Raw oil containing wax mainly comprises diesel oil, atmospheric gas oil (AGO), vacuum gas oil (VGO), white oil, hydrocracking tail oil, lubricating oil distillate, and so on, wherein said wax is long chain n-alkanes or long chain hydrocarbons with a small amount of short side chains, comprising long chain alkanes, long chain aromatics and alkylcycloalkanes with a small amount of short side chains. Raw oil containing wax, especially heavy distillate resulted from paraffin-based crude oil, comprises a lot of wax with a high solidifying point and poor fluidity rate at low temperatures. As a result, the wax will make the oil thicken or even solidify with the decrease of the ambient temperature during the storage, transport and usage processes, which will block the oil pipeline and disturb the oil supply to the engine to cause the engine to fail. Now, there are many methods for solving various problems caused by the solidification of wax in raw oil containing wax, the mainly method being dewaxing, comprising solvent dewaxing, catalytic dewaxing and isomerization dewaxing.

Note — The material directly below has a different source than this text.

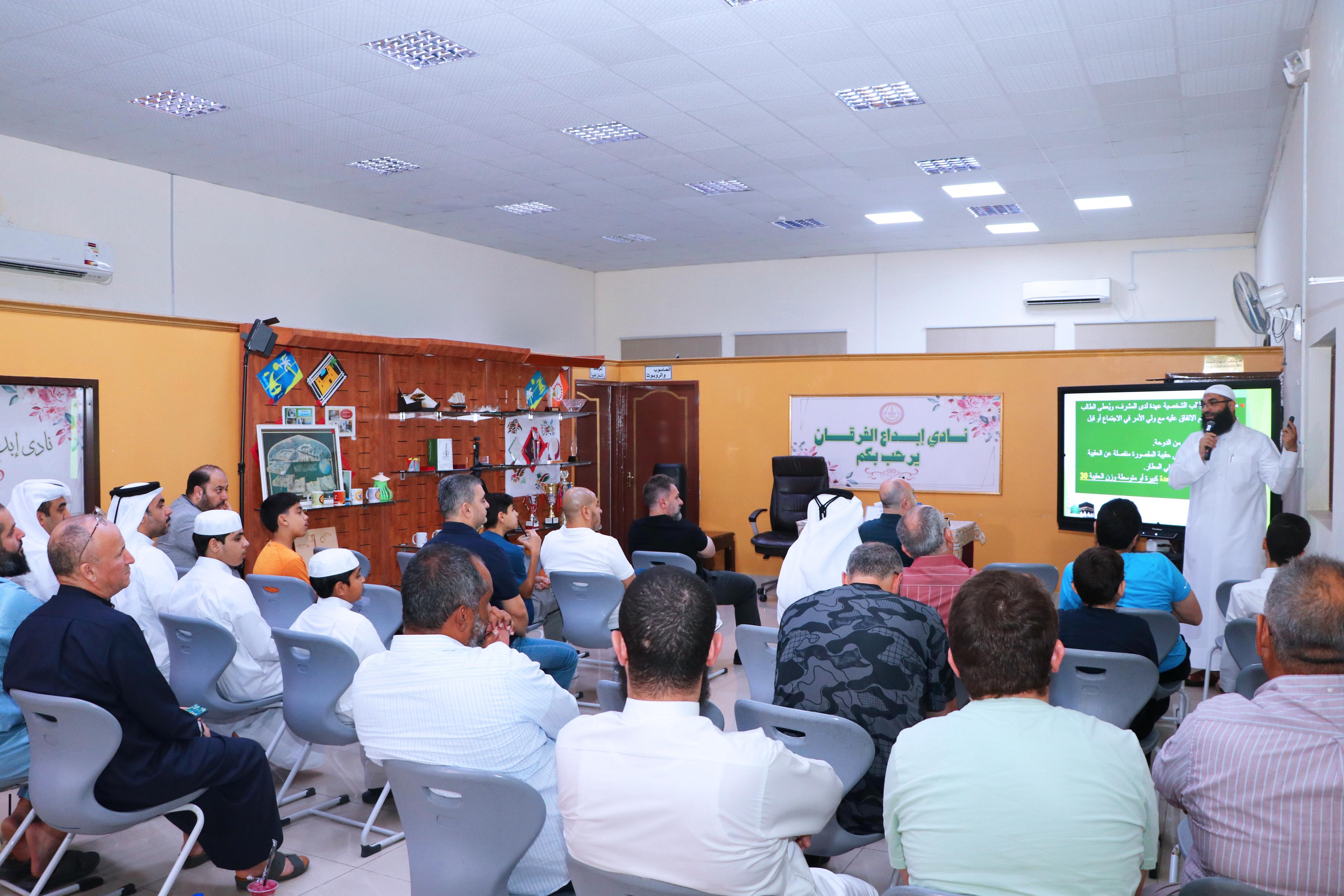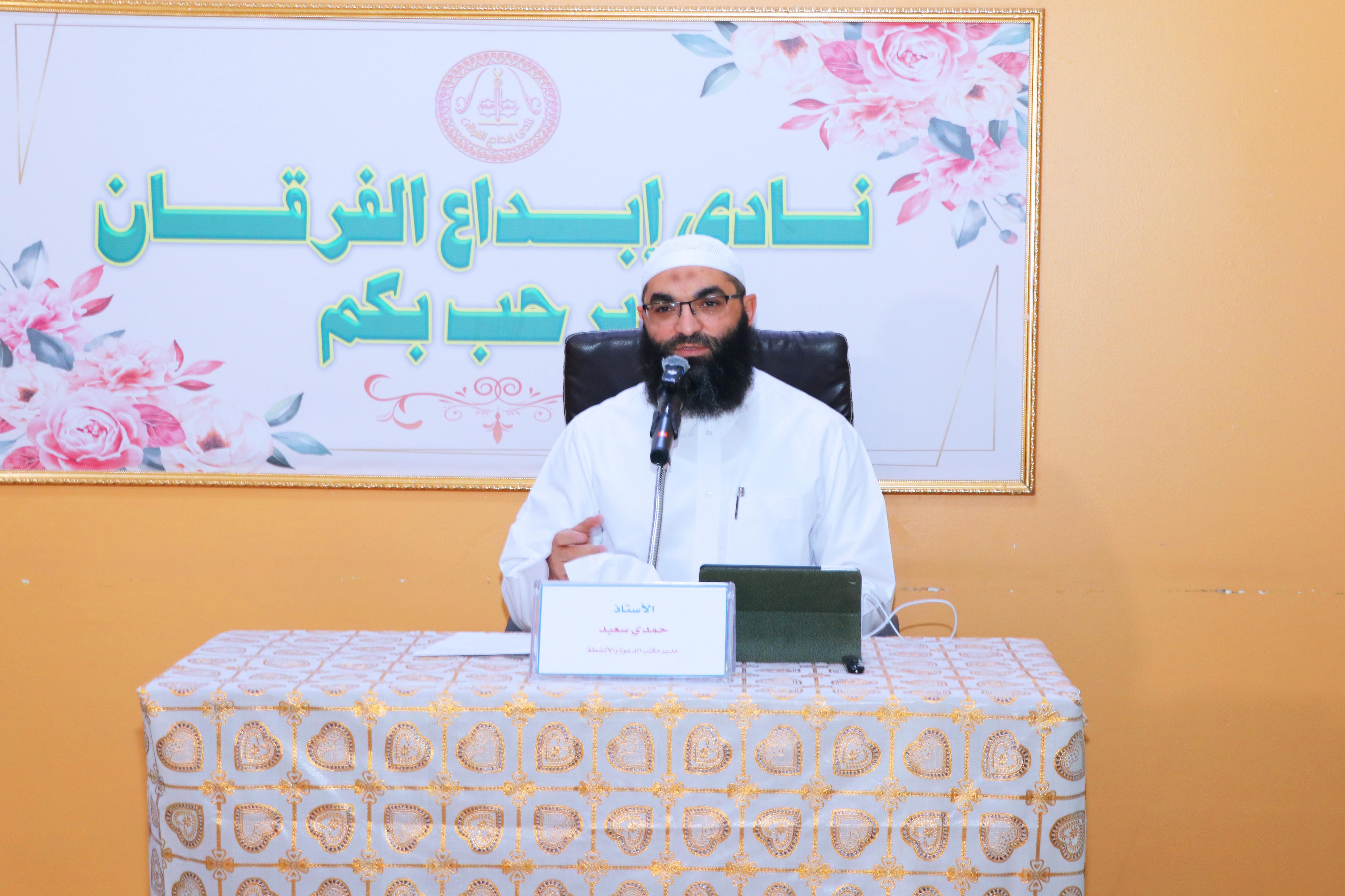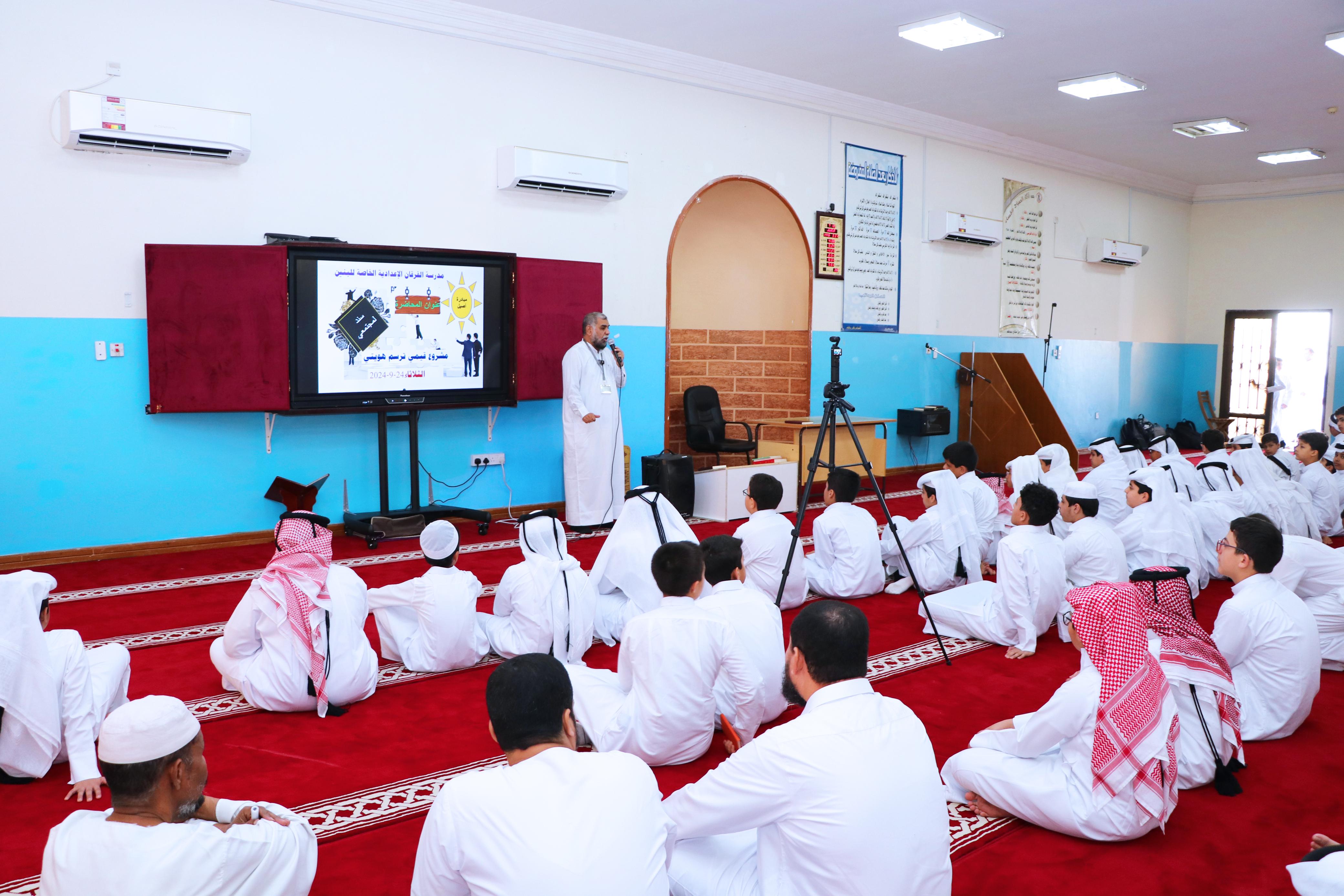 محاضرة الأستاذ حمدي سعيد مدير مكتب الدعوة والأنشطة مع طلاب برنامج تاج الوقار بمدرسة الفرقان الإعدادية

The solvent dewaxing method means removing the wax by the solubility of wax in a solvent, the defects of which are the difficulty in solvent selection, the waste of a large amount of solvent, its harmfulness to people's health and the pollution to the environment, the high cost of equipment investment and operation, and the restriction of product quality by raw material.
The catalytic dewaxing method means using the catalyst with the shape-selection cracking function to make the wax component in the distillate to be selectively and catalytically cracked to generate smaller molecular hydrocarbons. For example, U.S. Pat. No. 4,247,388 and U.S. Pat. No. 4,659,311 disclose the usage of the catalytic dewaxing method to remove the wax in the lubricating oil. The defects of such method are that as a large amount of macromolecular compounds with high value are converted into smaller molecular materials with low value, the yield of base oil is low, the loss of viscosity index is great, and the value of byproducts is low.
The isomerization dewaxing method means only the macromolecular wax is allowed into the unique channel structure of the catalyst containing molecular sieves to carry out the isomerization to generate isoparaffins so as to obtain the effect of selective dewaxing. The isoparaffins have lower solidifying points and lower pour points when compared with wax of the same molecular weight, and they remain in the heavy distillate. The isomerization dewaxing method can decrease the solidifying point. At the same time, it can make the raw oil to have a high viscosity index and improve the yield greatly when compared with the above two dewaxing methods. The isomerization dewaxing method aims to convert the wax with a high melting point to isoparaffins with low melting points. However, the melting points of alkanes with high isomerization degree are high, so the isomerization degree of wax molecular should be controlled. As a result, the acid properties and pore structure of acidic components and hydrogenation components in the catalyst are strictly required. Generally, the acidic components should have a pore structure with moderate intensity, large acid amount and space limitation function, and the active metal components should have a fast hydrogenation/dehydrogenation activity to prevent further isomerization and even cracking of tert-carbocations.
Now, there are a lot of reports about the isomerization dewaxing catalyst. For example, U.S. Pat. No. 5,990,371, U.S. Pat. No. 5,833,837, U.S. Pat. No. 5,817,907, U.S. Pat. No. 5,149,421, U.S. Pat. No. 5,135,638, U.S. Pat. No. 5,110,445, U.S. Pat. No. 4,919,788, U.S. Pat. No. 4,419,420, U.S. Pat. No. 4,601,993, U.S. Pat. No. 4,599,162 and U.S. Pat. No. 4,518,485 relate to the isomerization dewaxing technology, wherein the used acidic components are mainly mordenites, SAPO-11, SAPO-31, SAPO-41, ZSM-23, SSZ-32, TON molecular sieves and so on, TON molecular sieves being mainly ZSM-22, Nu-10, KZ-2, ISI-1 and so on. Although the above materials have acidic centers of moderate strength, pore structures matching with wax moleculars, obvious space limitation on multi-branched chain isomers, and can make the paraffins to be isomerized to a certain extent, most acidic centers are covered in the preparation of a catalyst. As a result, the acidity of the obtained catalyst is weak, and the activity and selectivity thereof are low. In addition, the stability of a catalyst is closely related with its acidity. A catalyst with high acidity has strong resistance to sulfonitriding poisoning and has good stability, but promotes side reactions more easily, such as cracking reaction.